Kencorpus Swahili ASR
Kencorpus / Maseno — Kenyan Swahili and English code-switch speech dataset and baselines.
Kencorpus / Maseno — Kenyan Swahili and English code-switch speech dataset and baselines.
Best for swahili and Swahili-English code-switching transcription in East African contexts. Pricing: free.
What it is
Kencorpus is a Kenyan academic-led initiative that published a multilingual Swahili-English-Dholuo speech and text corpus, along with baseline ASR models. The resource is foundational for any East-African transcription project — particularly those that need to handle Swahili-English code-switching, which is the dominant register in Nairobi and other urban markets. Best fit when the buyer is swahili and swahili-english code-switching transcription in east african contexts. The honest caveat: primarily a dataset; productisation is the integrator's responsibility. As with any open-weights release, the integrator owns hosting, scaling, and SLA — but the licensing cost is zero and the model can be fine-tuned on in-house audio.

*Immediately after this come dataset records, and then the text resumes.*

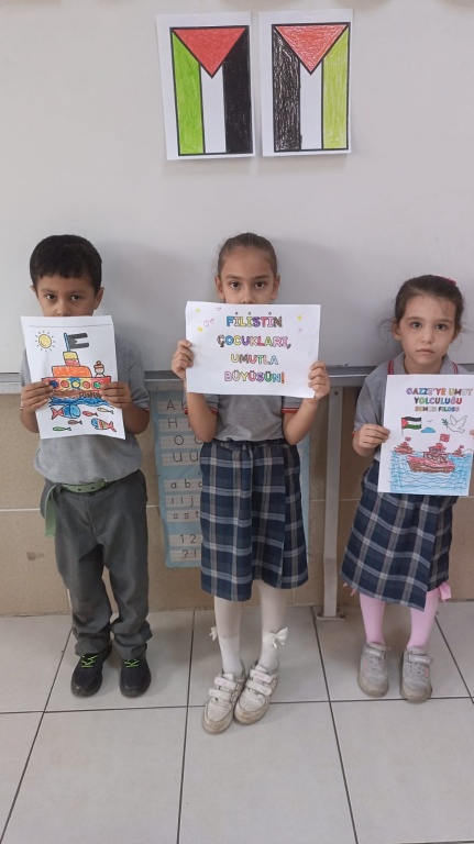 Millî Eğitim Bakanlığı olarak 81 ilimize gönderilen yazı doğrultusunda, bu gün okulumuzda eş zamanlı olarak öğrencilerimizin katılımıyla Filistin ve Gazze temalı farkındalık etkinlikleri düzenledik. Amacımız, çocuklarımıza sadece bilgi kazandırmak değil; vicdanı, adaleti ve insan olmanın sorumluluğunu da öğretmek çünkü insanın içindeki iyilik yeşermedikçe, hiçbir bilgi meyve vermez. Türkiye Yüzyılı Maarif Modeli'nin merkezinde yer alan “erdem-değer-eylem” anlayışıyla barışa, insan haklarına ve evrensel değerlere saygılı bir nesil yetiştirmeye kararlıyız.
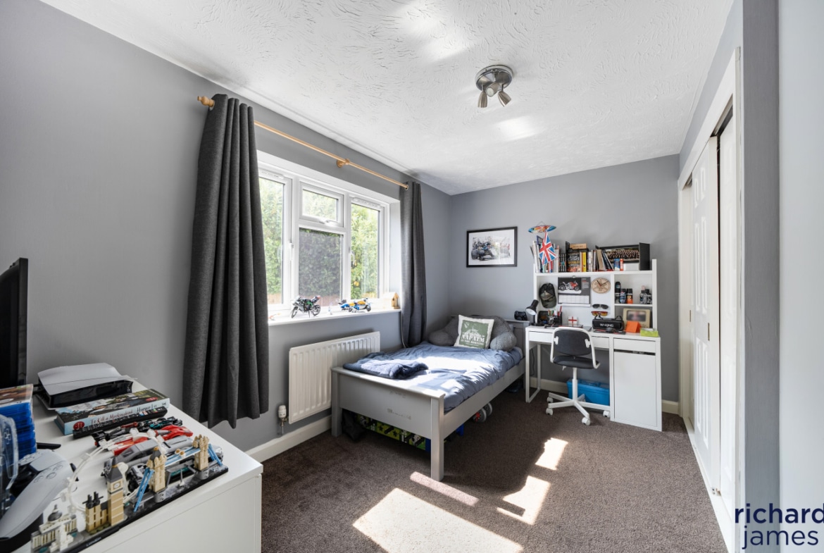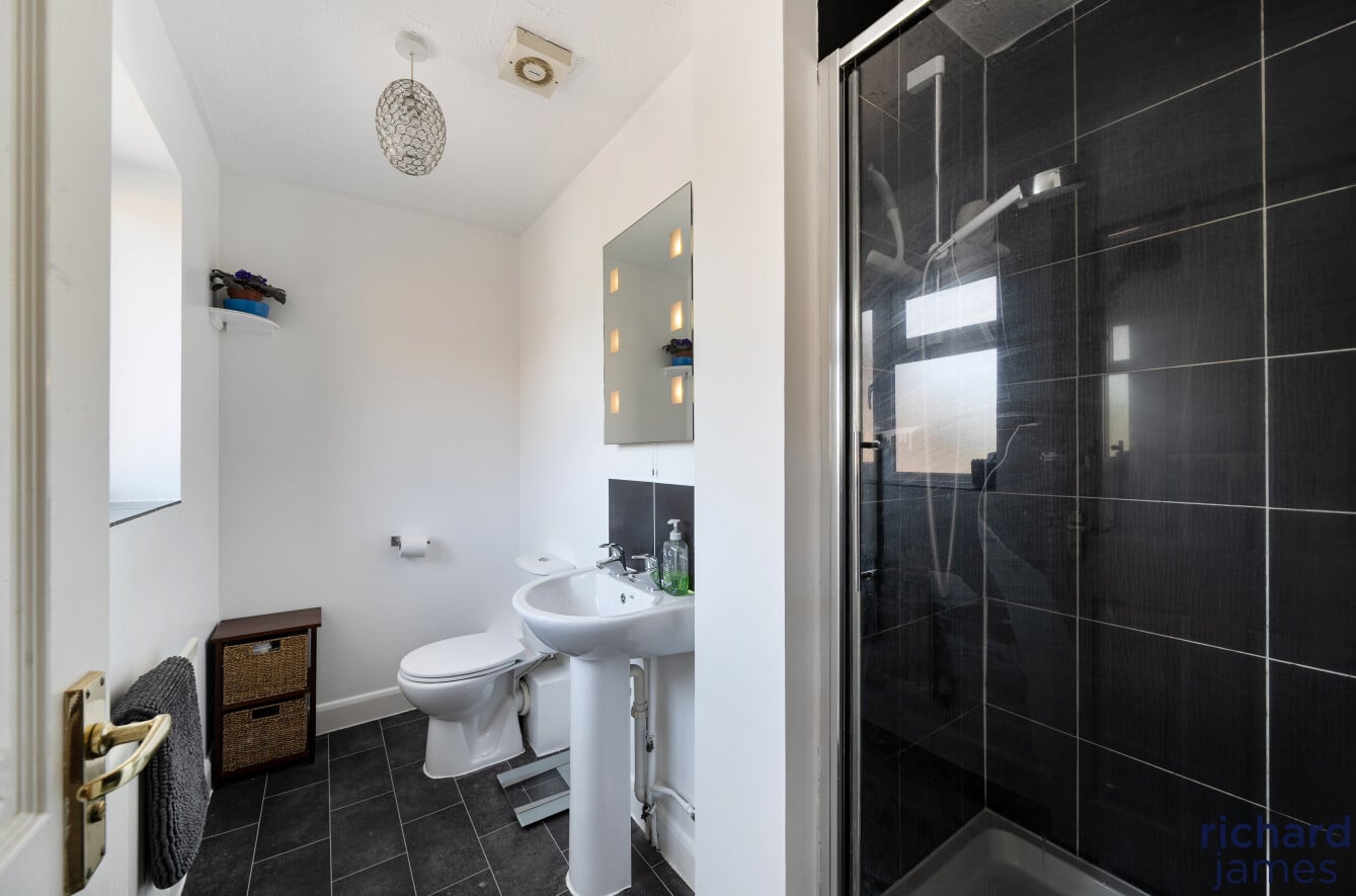 Upstairs, you’ll find three well-proportioned bedrooms, including a generous principal bedroom with fitted wardrobes, which also benefits from an ensuite shower room. The second bedroom also has fitted wardrobes. A contemporary family bathroom completes the first-floor accommodation.
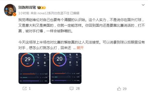 不過(guò)針對(duì)趙維倫在比賽中的表現(xiàn),媒體人別跑剛背豬通過(guò)社媒給出嚴(yán)厲的批評(píng):“我覺(jué)得趙維倫對(duì)自己也要有個(gè)清醒的認(rèn)識(shí)哈。這個(gè)人實(shí)力,不是說(shuō)你在國(guó)外打球,又是意大利又是美國(guó)的,你就一定能怎樣。你回到國(guó)內(nèi)還是要靠比賽說(shuō)話的,打不贏,被對(duì)手打爆,一樣會(huì)被群嘲的。
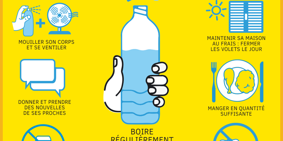 > Si vous avez des personnes âgées, souffrant de maladies chroniques ou isolées dans votre entourage, prenez de leurs nouvelles ou rendez leur visite deux fois par jour. Accompagnez les dans un endroit frais.
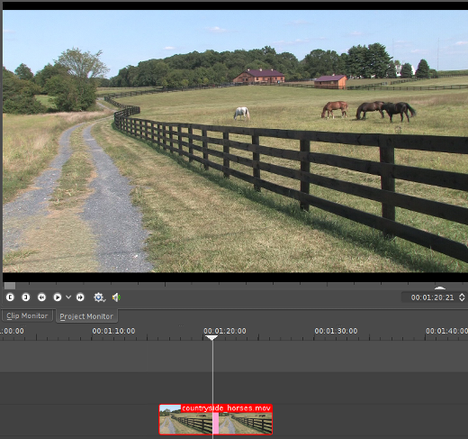 If we're going to mask something out, we need something to fill in the gap we create. In this example, I'm using footage of some horses on a lonely Pennsylvanian farm, so I'll mask out the sky and put in a more exciting time lapse sequence of clouds against a darker blue sky. Whatever you choose to use, import your matte footage or painting into Kdenlive and place it on the bottom video layer of your timeline (Video 3).
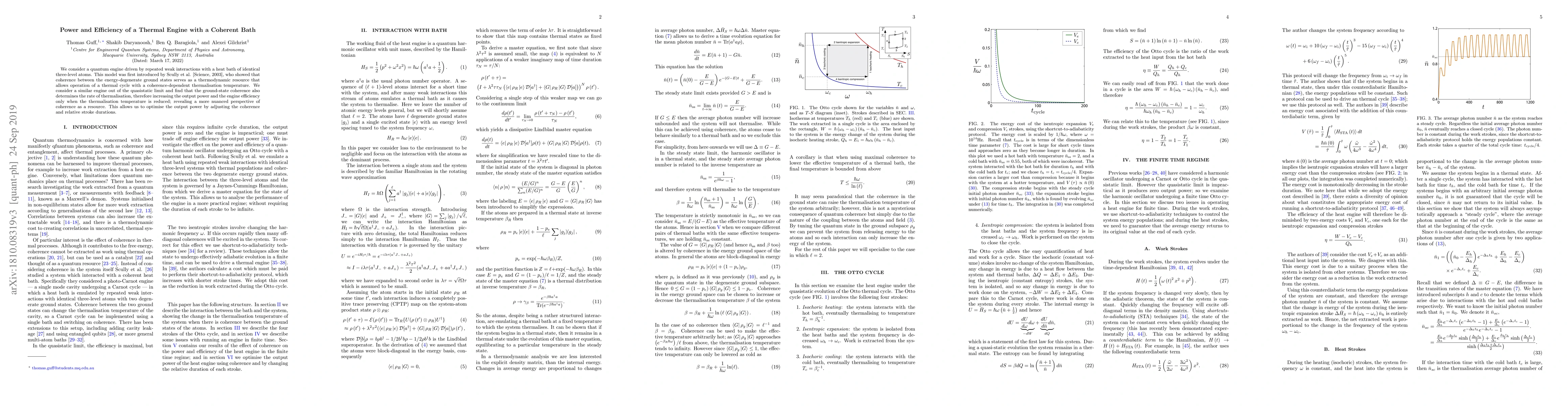 We consider a quantum engine driven by repeated weak interactions with a heat bath of identical three-level atoms. This model was first introduced by Scully et al. [Science, 2003], who showed that coherence between the energy-degenerate ground states serves as a thermodynamic resource that allows operation of a thermal cycle with a coherence-dependent thermalisation temperature. We consider a similar engine out of the quasistatic limit and find that the ground-state coherence also determines the rate of thermalisation, therefore increasing the output power and the engine efficiency only when the thermalisation temperature is reduced; revealing a more nuanced perspective of coherence as a resource. This allows us to optimise the output power by adjusting the coherence and relative stroke durations.
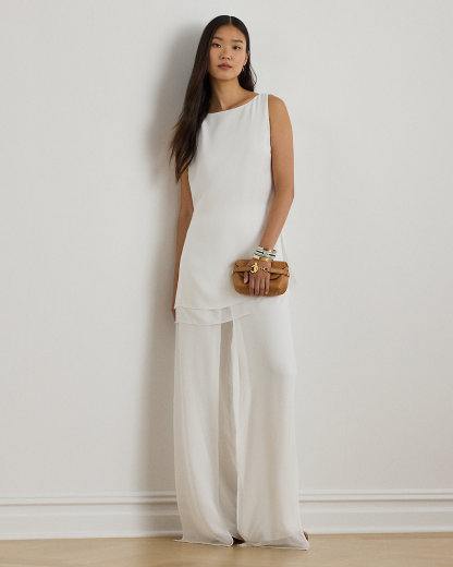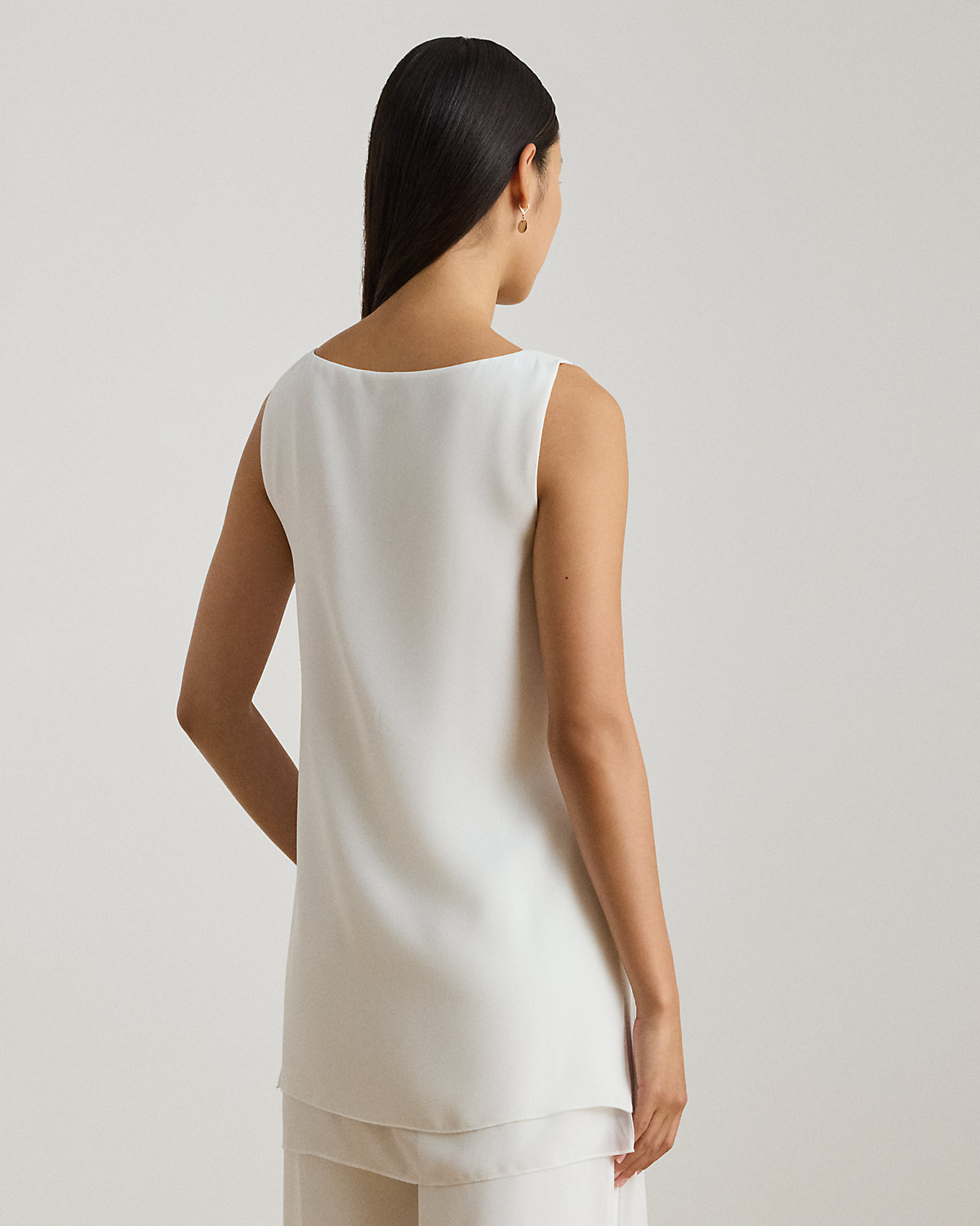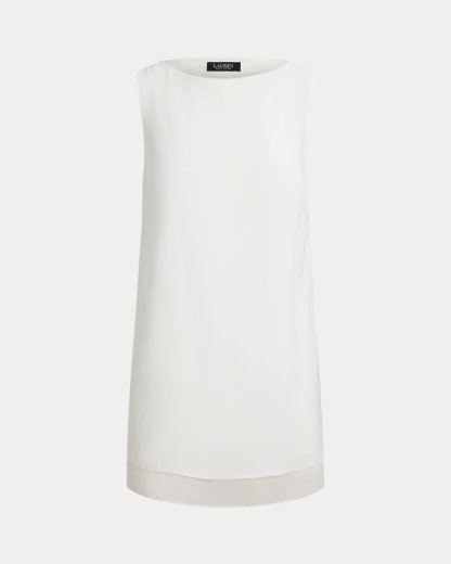 This sleeveless boatneck tunic pairs double-faced georgette with a layered silhouette and side-split hem for a fluid drape.

Watch out for: Primarily a dataset; productisation is the integrator's responsibility.
Install / use
huggingface.co search 'kencorpus' for dataset and model cards
Features
| Speaker diarization | No |
| Word-level timestamps | No |
| Streaming / real-time | No |
| Languages supported | None |
| HIPAA eligible | No |
Kencorpus Swahili ASR vs Whipscribe
| Feature | Kencorpus Swahili ASR | Whipscribe |
|---|---|---|
| Category | Open source | Transcription APIs |
| Pricing | free | free beta |
| Speaker diarization | No | Yes |
| Word timestamps | No | Yes |
| Streaming | No | No |
| Languages | — | 99 |
| Platforms | Web | Web, API, MCP |
Alternatives to Kencorpus Swahili ASR
Whipscribe is a managed faster-whisper + whisperX service. If you want transcripts without running infrastructure, paste a URL or drop a file in the form below — you'll have a transcript in seconds.